In July 1961, proposals for the new church were unveiled. The design is very similar in many ways to what was in fact built, but the most obvious difference is that the entrance path leads straight from the road into the church. This design was changed later, so that entry would be into a narthex before going on into the church - the hope was that this would mean that noisy greetings could take place in the narthex, not in the actual worship area, a hope that has perhaps been about 70% successful!
The proposals stress that the design started with the ground-plan - evaluating what a church building is for, what different features were needed, and how those features should relate together at ground level. This approach was absolutely fundamental in giving us the very usable interior that we have today.
However, presenting plans is one thing, seeing them implemented is another, and there were many frustrating delays throughout this period. The foundation stone was laid on 8 July 1962 by the Duchess of Gloucester, but delays soon started, and in fact little work was done for the rest of year, largely because of confusion over the likely cost.
If the laying of the foundation stone was seen as a physical milestone in the life of the church, a spiritual milestone was the start in October of nine area Home Meetings. The parish was subdivided into nine smaller sub-parishes, each centred on the home of a member of the church. They were encouraged to visit the homes in their area, so that the Home Meeting was not just a cosy group of Christians but had a real evangelistic thrust.

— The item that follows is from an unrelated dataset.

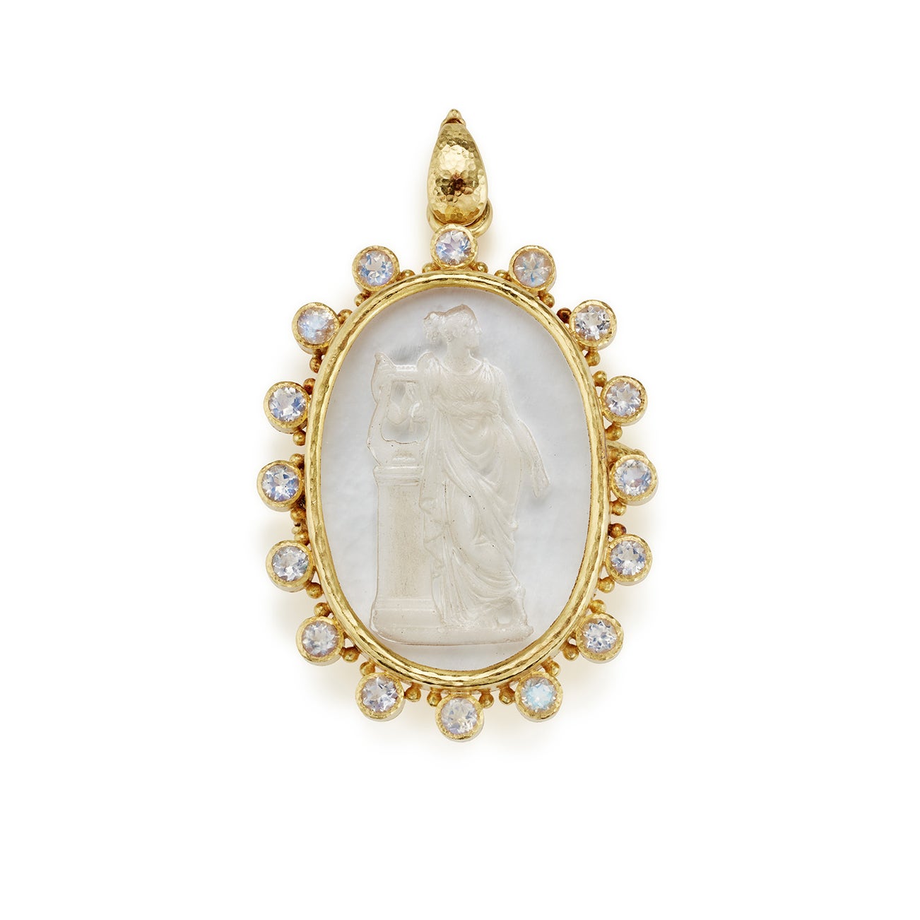 A Mother-of-Pearl Backed Intaglio Glass, Moonstone, and Gold Pendant/Brooch

Leadership of the groups was mainly lay. The aim was that the groups should grow and subdivide, and that in the course of time they should develop into house churches that would eventually run their own children’s groups.

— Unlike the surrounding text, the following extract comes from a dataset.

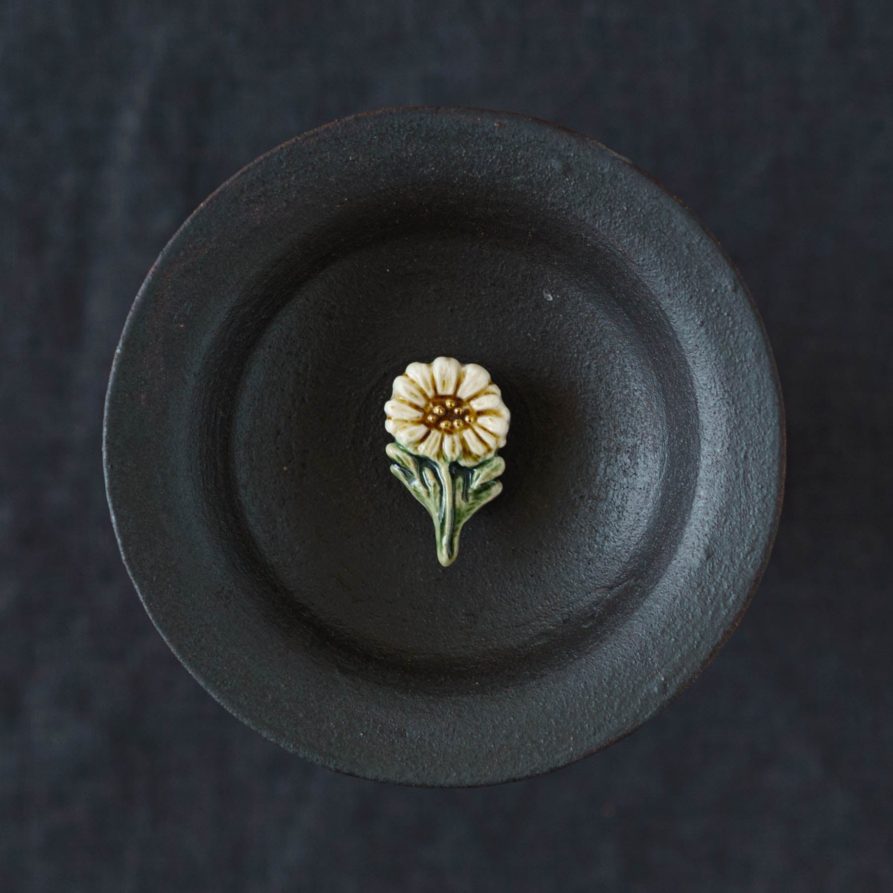 クラシカルな雰囲気と上品な可愛らしさを併せ持った素敵な陶製のブローチ。胸元をかわいく華やかに演出してくれます。ブローチ金具は真鍮に金メッキとなります。

This was a truly radical vision for developing house churches and was virtually a new idea for any Church of England parish. It was given wider currency by the book "Open House" that John Tanburn wrote a few years later, describing what had been done here at St Barnabas.
Today, we still have home meetings, with a very high proportion of church members belonging to them. They are not, however, organized on a geographical basis and so lack one of the main features of John Tanburn’s house churches. They do not have the evangelistic thrust that his groups had, but they may be more effective in terms of fellowship and support between members due to them meeting weekly or fortnightly, rather than monthly. Clearly there is room here for further thought about the function of groups in the life of the church.